Поэтому, когда мы хотим подобное изобразить, мы отдаемся интуиции,
то есть мы как бы бултыхаемся в воду вниз головой, мы говорим — «все
равно», я выворачиваю наизнанку шубу, нахлобучиваю шапку, и у меня
получается медведеобразная фигура, потом я схватываю первый попавшийся
цилиндр и напяливаю его, все равно, или вставляю в глаз монокль, будет ли
он настоящий монокль или я возьму у жены шпильку, сделаю из нее
кружок, привяжу нитку или бечевочку, если жилет не дает нужного цвета, я
его выверну наизнанку.
Иначе говоря, между маскарадом и театром есть что-то общее. И на
маскараде, если я изображаю Маргариту или Мефистофеля, или служанку,
или повара, я их изображаю по памяти. Для того чтобы изобразить повара,
мне не нужно бежать в кухню, мне не нужно стараться непременно достичь
сходства с ним, достаточно, если я возьму самое характерное, скажем, у
него страшные брови, я беру уголь и черчу себе страшные брови, я
подчеркиваю этим самое характерное, что есть в его физиономии.

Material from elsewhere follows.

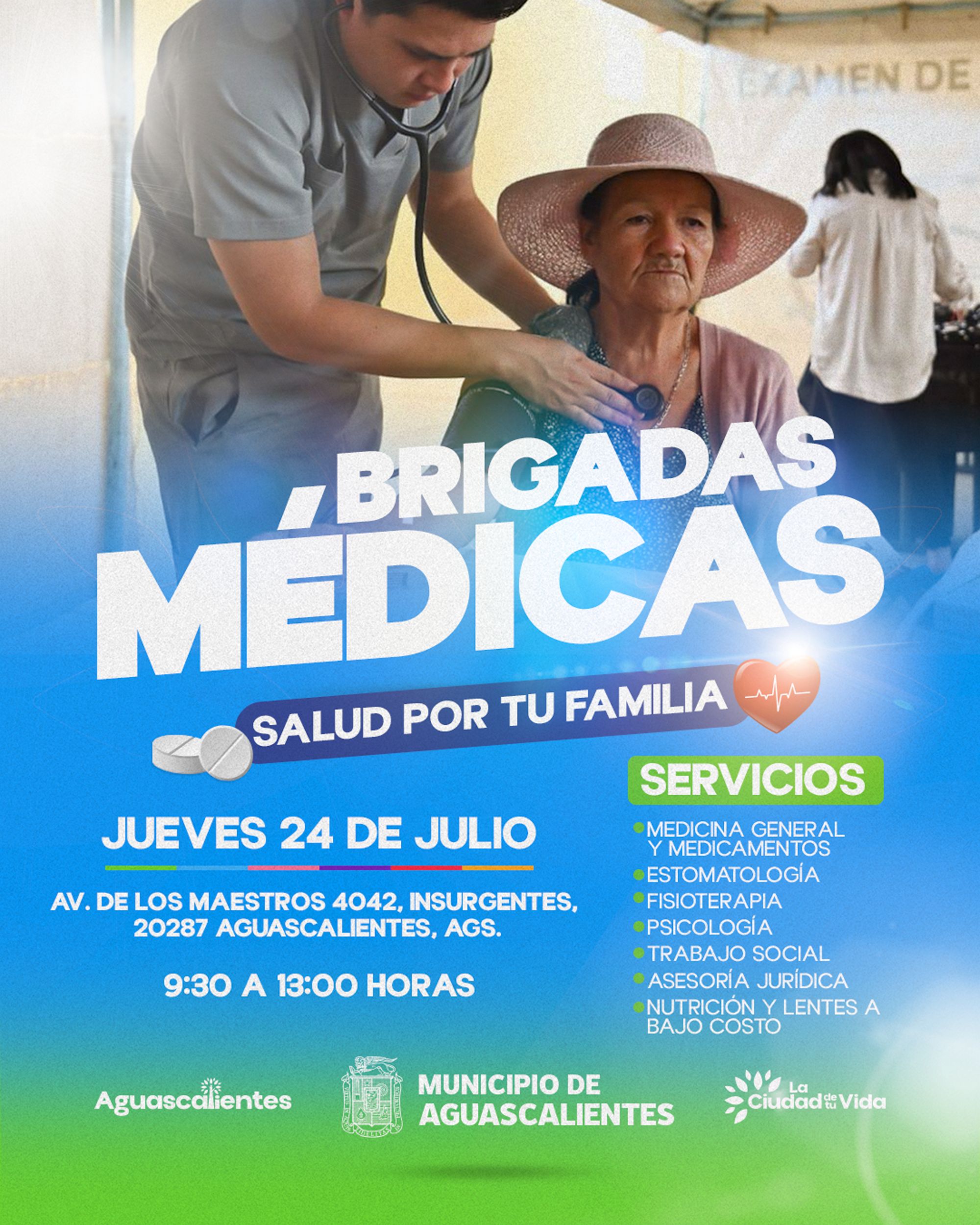 Con el objetivo de acercar servicios de salud a las familias de Aguascalientes que más los necesitan, el DIF Municipal anuncia nuevas jornadas médicas gratuitas, mismas que se llevarán a cabo en la comunidad Los Caños y en la Delegación Insurgentes.

Вообще здесь дей-
422
ствует не фотографический аппарат, а та система игры, которую мы
наблюдаем в детской, когда ребенок, желая что-либо изобразить, не
останавливается перед вопросом, из чего это сделать, ему все равно. Если по ходу
действия ему нужно изобразить слона, то просто две фигуры становятся друг
за другом, один из них кладет руки на спину другого, третий же берет
простыню, несмотря на то, что слоны имеют другой цвет, просовывают палку,
и одна из фигур, стоящих впереди, будет шевелить этой палкой как
хоботом, получается иллюзия слона: торчат из-под груды белого четыре ноги
и хобот, вот вам и слон.
Значит, не обязательно надо придать ту же самую форму, а нужно дать
основное, контуры, дать характерное, ну, что, скажем, характерно для
слона? Четыре тумбы-ноги, что-то торчит длинное спереди и что-то
коротенькое торчит сзади. Следовательно, маскарадность и система игры в детской,
вот, собственно, те элементы, которые отличают театр от того театра,
который называется театром, но который с нашей точки зрения не есть театр.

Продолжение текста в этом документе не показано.